Records shown
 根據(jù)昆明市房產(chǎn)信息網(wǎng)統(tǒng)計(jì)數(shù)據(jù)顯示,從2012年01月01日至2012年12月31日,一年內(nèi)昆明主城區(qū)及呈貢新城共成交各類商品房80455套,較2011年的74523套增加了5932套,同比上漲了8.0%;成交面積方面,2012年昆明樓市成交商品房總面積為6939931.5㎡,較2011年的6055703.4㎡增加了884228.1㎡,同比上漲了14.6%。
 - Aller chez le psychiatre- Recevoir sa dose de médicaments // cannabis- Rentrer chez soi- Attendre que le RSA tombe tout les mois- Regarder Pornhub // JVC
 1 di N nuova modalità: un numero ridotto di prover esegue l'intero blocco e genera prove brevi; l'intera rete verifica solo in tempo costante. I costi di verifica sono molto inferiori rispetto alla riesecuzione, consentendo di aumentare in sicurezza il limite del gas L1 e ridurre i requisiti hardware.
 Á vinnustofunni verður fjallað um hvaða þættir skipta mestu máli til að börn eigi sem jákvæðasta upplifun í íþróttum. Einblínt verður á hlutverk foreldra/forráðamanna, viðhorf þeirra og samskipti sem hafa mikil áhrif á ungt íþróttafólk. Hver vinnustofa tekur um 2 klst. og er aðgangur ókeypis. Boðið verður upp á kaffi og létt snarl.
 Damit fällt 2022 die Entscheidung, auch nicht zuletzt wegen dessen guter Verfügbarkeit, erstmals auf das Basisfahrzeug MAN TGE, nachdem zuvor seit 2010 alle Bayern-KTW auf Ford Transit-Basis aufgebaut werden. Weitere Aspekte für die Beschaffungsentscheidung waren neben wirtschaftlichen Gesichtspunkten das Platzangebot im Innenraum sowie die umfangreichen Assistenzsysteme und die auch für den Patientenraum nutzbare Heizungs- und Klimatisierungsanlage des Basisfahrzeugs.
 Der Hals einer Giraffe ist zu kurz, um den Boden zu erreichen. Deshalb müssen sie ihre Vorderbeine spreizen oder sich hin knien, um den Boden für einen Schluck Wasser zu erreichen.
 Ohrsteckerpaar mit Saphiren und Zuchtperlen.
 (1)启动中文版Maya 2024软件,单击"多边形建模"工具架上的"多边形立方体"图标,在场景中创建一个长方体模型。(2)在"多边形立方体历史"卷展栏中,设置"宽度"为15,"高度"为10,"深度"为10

Problem description
Each line of the material should be returned exactly as it stands.

Completed task
 根據(jù)昆明市房產(chǎn)信息網(wǎng)統(tǒng)計(jì)數(shù)據(jù)顯示,從2012年01月01日至2012年12月31日,一年內(nèi)昆明主城區(qū)及呈貢新城共成交各類商品房80455套,較2011年的74523套增加了5932套,同比上漲了8.0%;成交面積方面,2012年昆明樓市成交商品房總面積為6939931.5㎡,較2011年的6055703.4㎡增加了884228.1㎡,同比上漲了14.6%。
 - Aller chez le psychiatre- Recevoir sa dose de médicaments // cannabis- Rentrer chez soi- Attendre que le RSA tombe tout les mois- Regarder Pornhub // JVC
 1 di N nuova modalità: un numero ridotto di prover esegue l'intero blocco e genera prove brevi; l'intera rete verifica solo in tempo costante. I costi di verifica sono molto inferiori rispetto alla riesecuzione, consentendo di aumentare in sicurezza il limite del gas L1 e ridurre i requisiti hardware.
 Á vinnustofunni verður fjallað um hvaða þættir skipta mestu máli til að börn eigi sem jákvæðasta upplifun í íþróttum. Einblínt verður á hlutverk foreldra/forráðamanna, viðhorf þeirra og samskipti sem hafa mikil áhrif á ungt íþróttafólk. Hver vinnustofa tekur um 2 klst. og er aðgangur ókeypis. Boðið verður upp á kaffi og létt snarl.
 Damit fällt 2022 die Entscheidung, auch nicht zuletzt wegen dessen guter Verfügbarkeit, erstmals auf das Basisfahrzeug MAN TGE, nachdem zuvor seit 2010 alle Bayern-KTW auf Ford Transit-Basis aufgebaut werden. Weitere Aspekte für die Beschaffungsentscheidung waren neben wirtschaftlichen Gesichtspunkten das Platzangebot im Innenraum sowie die umfangreichen Assistenzsysteme und die auch für den Patientenraum nutzbare Heizungs- und Klimatisierungsanlage des Basisfahrzeugs.
 Der Hals einer Giraffe ist zu kurz, um den Boden zu erreichen. Deshalb müssen sie ihre Vorderbeine spreizen oder sich hin knien, um den Boden für einen Schluck Wasser zu erreichen.
 Ohrsteckerpaar mit Saphiren und Zuchtperlen.
 (1)启动中文版Maya 2024软件,单击"多边形建模"工具架上的"多边形立方体"图标,在场景中创建一个长方体模型。(2)在"多边形立方体历史"卷展栏中,设置"宽度"为15,"高度"为10,"深度"为10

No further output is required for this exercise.